妹に婚約者を寝取られて傷付いた汐梨はバーで会話するだけの謎の美青年、ルイと一夜を共にし、優しく愛されることで立ち直った。もう会うことはないと思っていたのに、ルイは名家の御曹司で猖〜盂Δ離廛螢鵐広疳崎累として彼女の前に現れる。「あなたと心も繋げたかった。あなたの愛が欲しかった」汐梨に頼み事があると言いながら、以前よりも情熱的に彼女に迫ってくる彼の真意は一体――!?




 ――メリーゴーランドには誰も乗っていませんね。一緒に馬に乗ってみませんか?
 法曹界のプリンスが、真っ先に興味を示したのはメリーゴーランドだった。
 それがなにか面白く、同時にちょっと意地悪を思いついた汐梨は、累を先に馬に乗らせた。
 そして、汐梨を前に乗せようと伸ばされた累の手をとらずに、そそくさとカボチャ型の馬車に移動すると、周囲の目から姿を隠したのだ。
 観客の奇異なる目は、ひとりで上下に揺れる白馬に乗っている累に注がれる。
「ちょ、汐梨さん!?」
 汐梨の裏切りに累は動揺したようで、慌てて汐梨の元に移動しようとすれば、従業員にマイクで移動するなと注意され、あえなく断念。

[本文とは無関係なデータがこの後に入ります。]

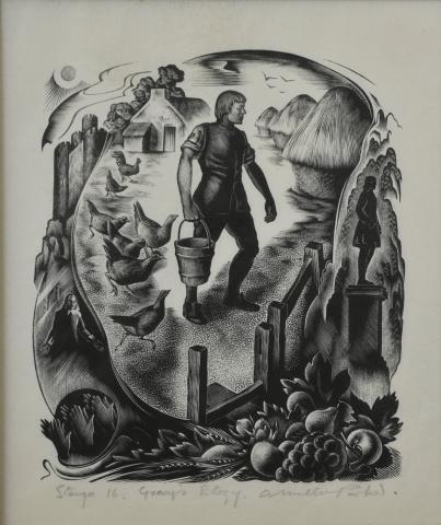 Agnes Miller Parker (born Irvine, 1895- 1980) studied and taught at Glasgow School of Art. She was known for her draughtsmanship and skillful sense of design. In the early 1930s she became well-known for her distinctive woodcut illustrations produced for the Gregynog Press in Wales. Her illustrations for Aesop s Fables were particularly celebrated, as were her sets of engravings for several Thomas Hardy novels made on the 1950s.

振り切らずにじっと我慢して終わりを待つあたり、さすがは法の遵守者ではあるが、そこには噂されるような冷酷さはない。
「汐梨さん、恨みますから」
「え、なんのことですか? お似合いですよ、リアル白馬の王子様で」
 汐梨はカボチャの馬車から顔を出して、声をたてて笑った。
「明日の新聞、お馬さんに乗った先生の写真が掲載されるんじゃないですか」
 茶化しすぎたことを後悔したのは、次に無理矢理連れられたお化け屋敷でのことである。

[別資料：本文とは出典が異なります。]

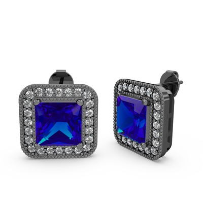 Lab safir ve pırlanta 925 ayar siyah rodyum kaplama gümüş küpe (0.528 karat)

 元々汐梨はホラー系は苦手なのだ。さらにここのお化け屋敷は、昔ながらの歩かないといけないタイプで、累に捕まって恐る恐る歩いていたところ、ふっと累がいなくなったのだ。
「ちょ……累さん。ねぇ、累さん……どこ?」
 おどろおどろしい音楽がかかる中、累の姿を探している汐梨の近くで、バァンと大きな音をたてて作り物の幽霊が出てくる。頭に斧が突き刺さり、血を流している落ち武者のようだ。
「きゃああああ!」
 さらには硬い床が突然スポンジのような柔らかなものになり、汐梨は腰を抜かした。
「累さん、累さ……ひぃぃぃぃ!」
 突然体が持ち上がり、思わずなにかに縋り付く。
「本当に飽きませんね、あなたは。俺を放置した、さっきのお返しです」
 累が横抱きしたのだ。汐梨はうぐうぐと言葉にならない声を発していたが、累の首に両手を巻きつかせていることに気づき、慌てて手を離そうとした。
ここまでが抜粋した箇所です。